Dutch painter (1876–1961)

Jacoba Johanna (Coba) Ritsema (26 June 1876, Haarlem - 13 December 1961, Amsterdam), was a portrait painter from the Netherlands.

==Biography==
Jacoba, or Coba, was born in 1876 as the daughter of the book printer Coenraad Ritsema and his wife Jeanette (Jannetje) Moulijn in an artistic family with one sister and two brothers. In her family there were already a few known artists - her grandfather Jacob Ritsema was an amateur painter, her father was a lithograph and the painter and etcher Simon Moulijn was a nephew of her mother.

Her brother was studying at the Academy of Düsseldorf since his 15th year, also the age when Coba also was allowed to experience herself in the arts.
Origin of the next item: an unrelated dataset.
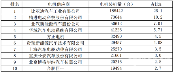 1、1-7月,根据工信部合格证数据,新能源乘用车车电机装机量前10名,比亚迪汽车占据老大,份额超26%,前10名累计份额达近7成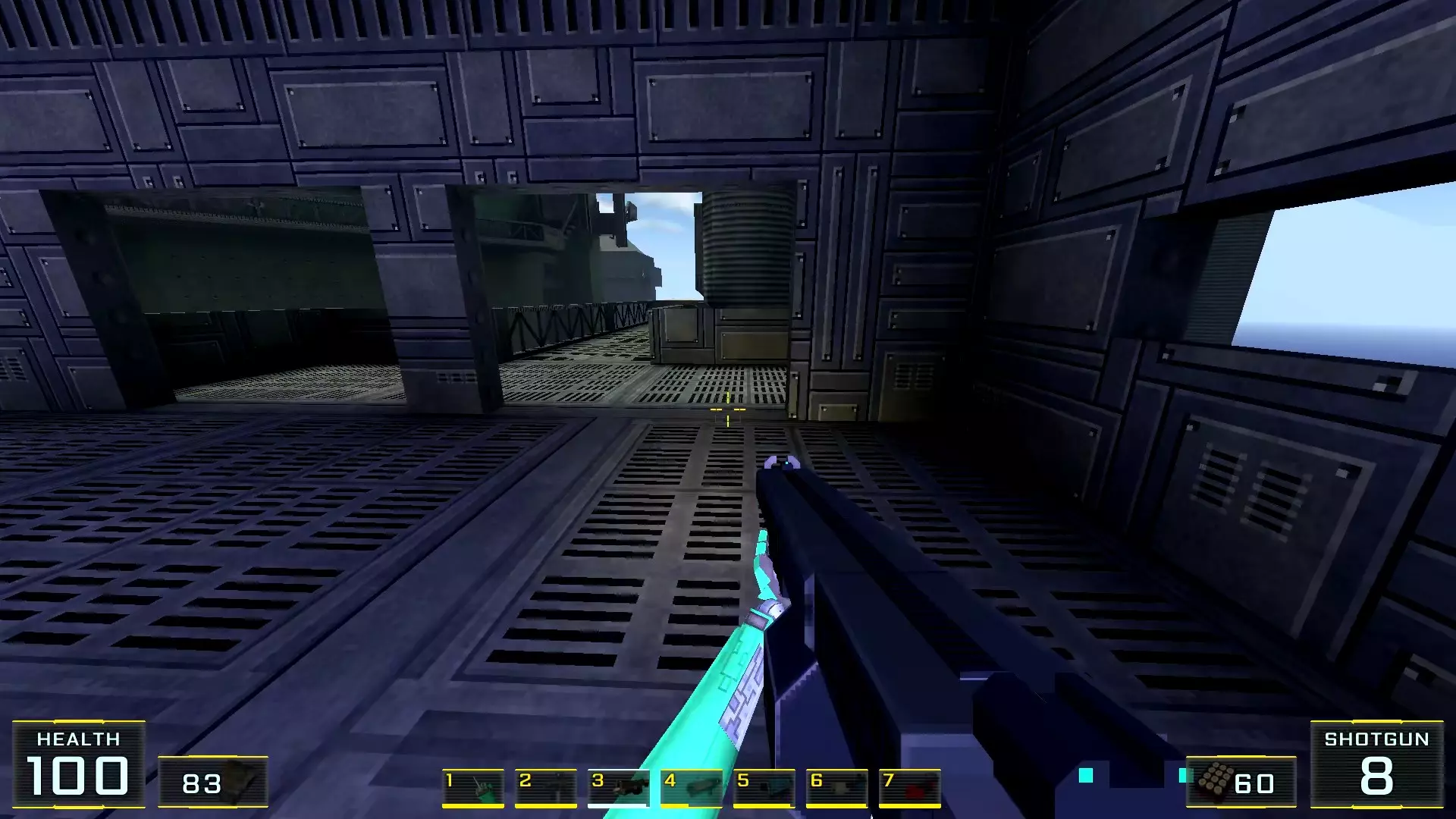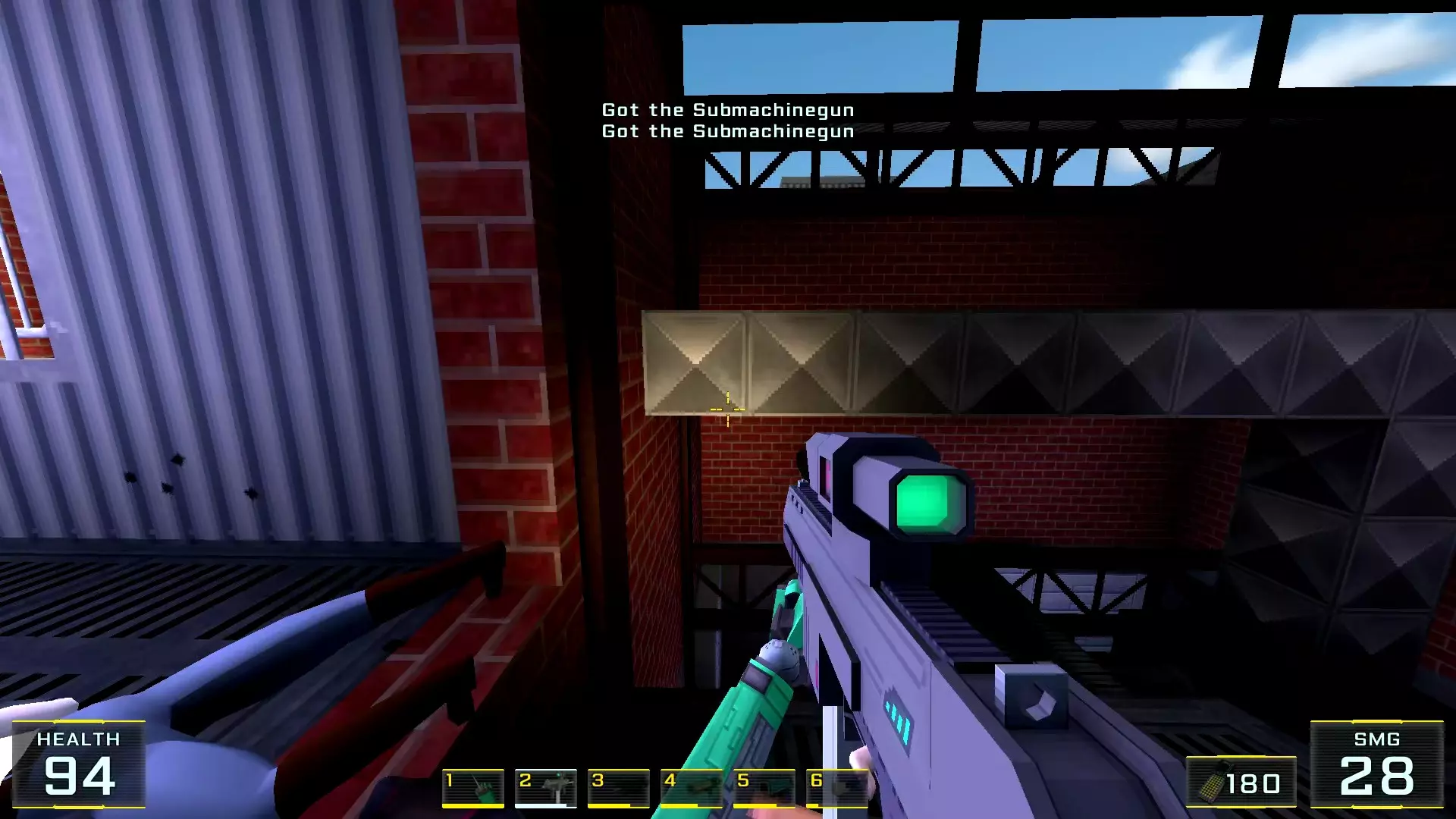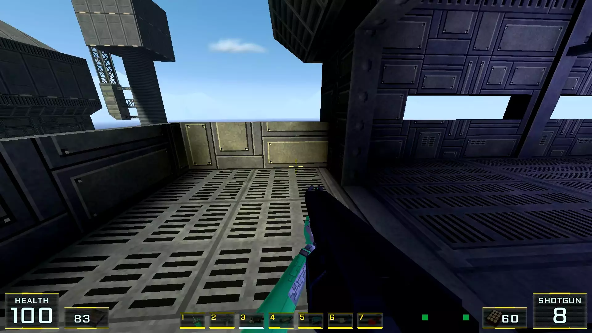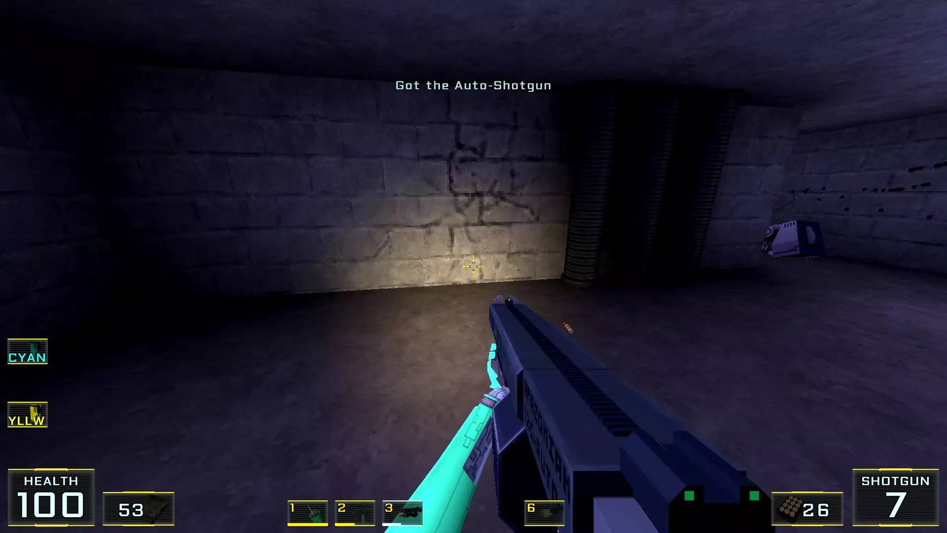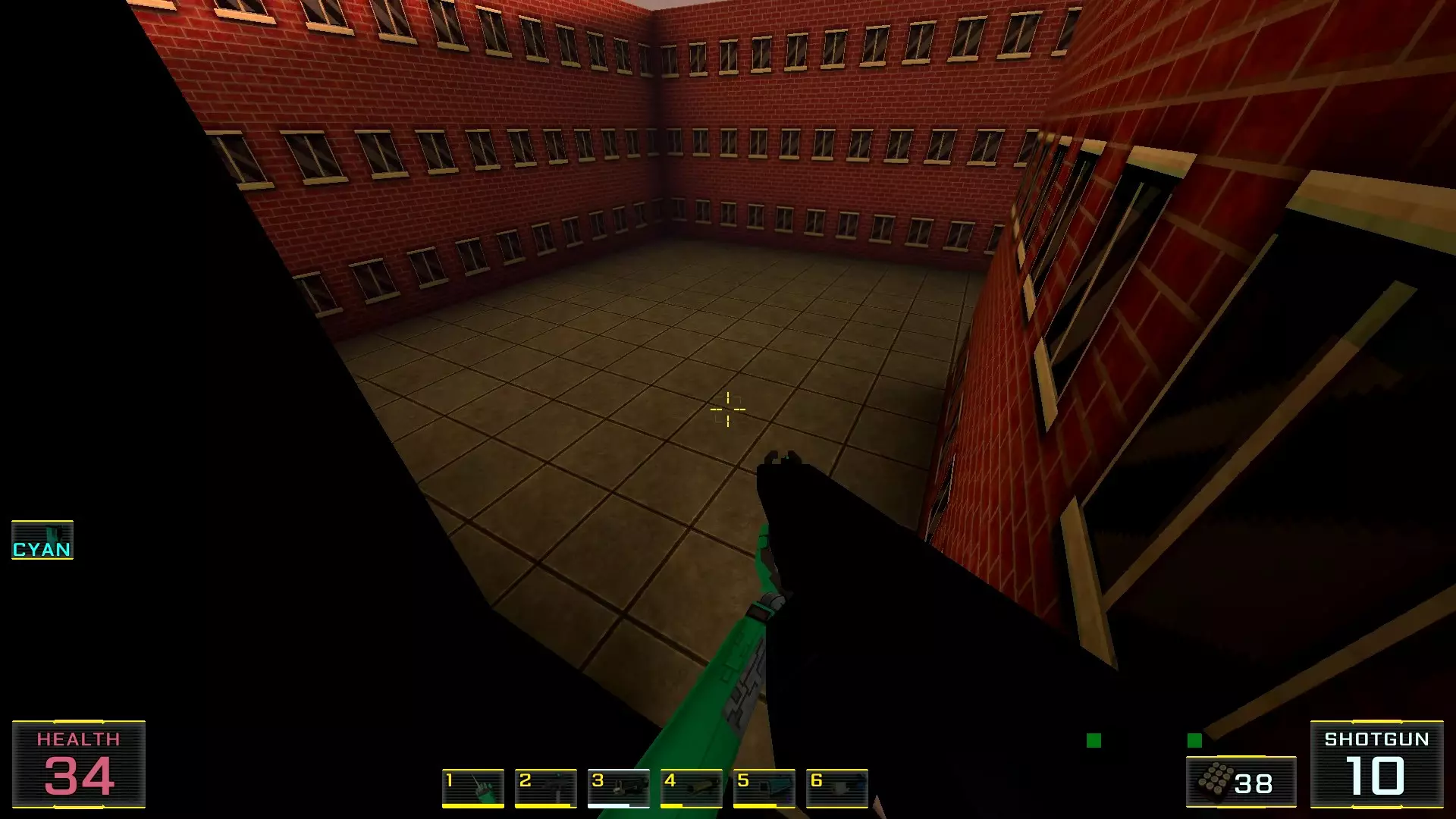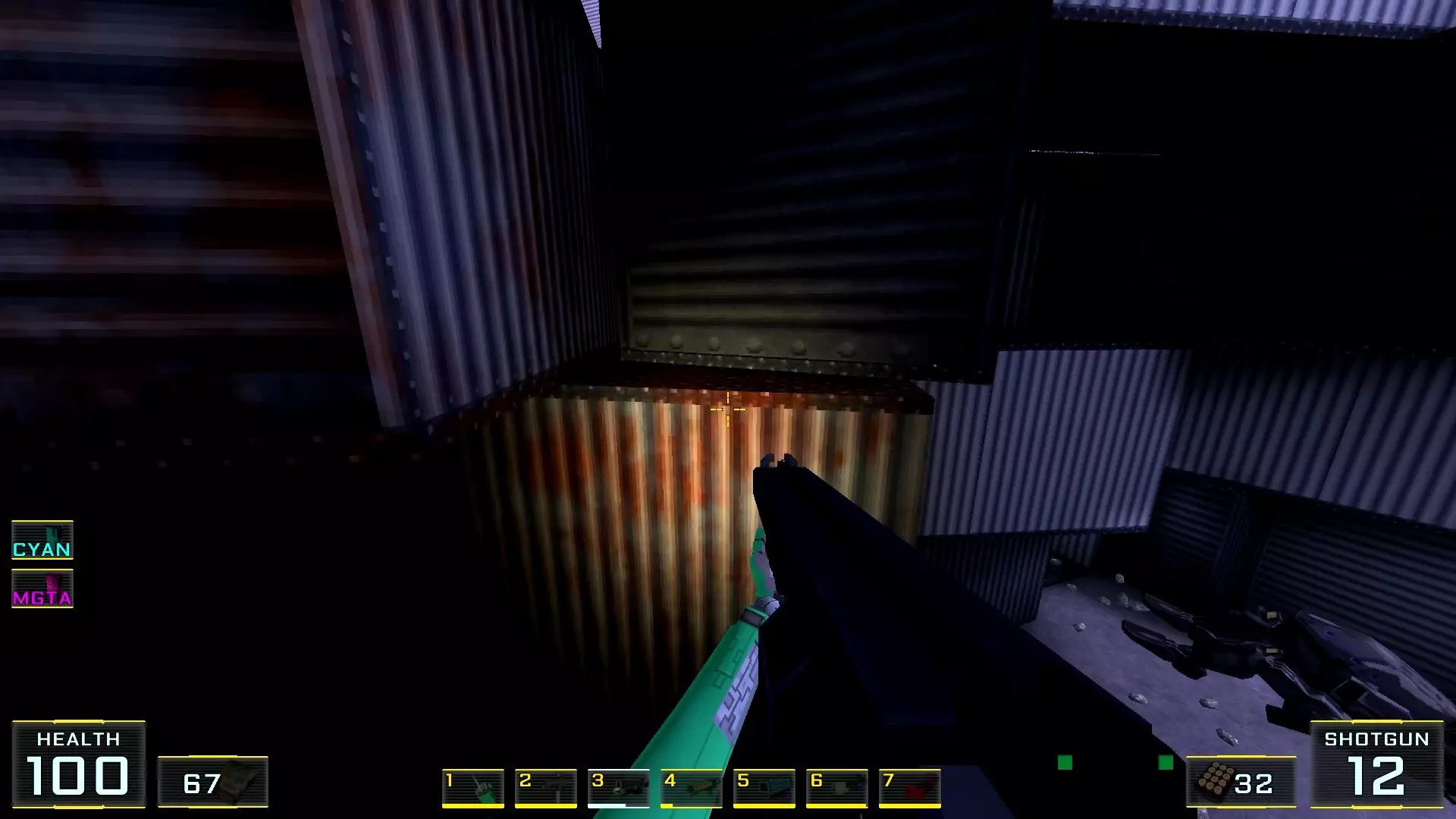在墙边你可以探身拾取一把霰弹枪和几发子弹,以及几块装甲板

However, for a girl it was not realistic to go abroad at such young age, and she was taught drawing at the Haarlemse School voor Kunstnijverheid from 1891 until 1893. Her sister Catherine tried to become a pianist (and later became violist) and her brother Johan studied lithography like his father. From 1893 until 1897 Coba studied at the Rijksacademie van Beeldende Kunsten in Amsterdam where she was taught in a special class for female artists. She was in her education a pupil of August Allebé, George Hendrik Breitner, Carel Lodewijk Dake, Fredrik Theodorus Grabijn, Jacob Ritsema (her brother), Thérèse Schwartze, and Nicolaas van der Waay.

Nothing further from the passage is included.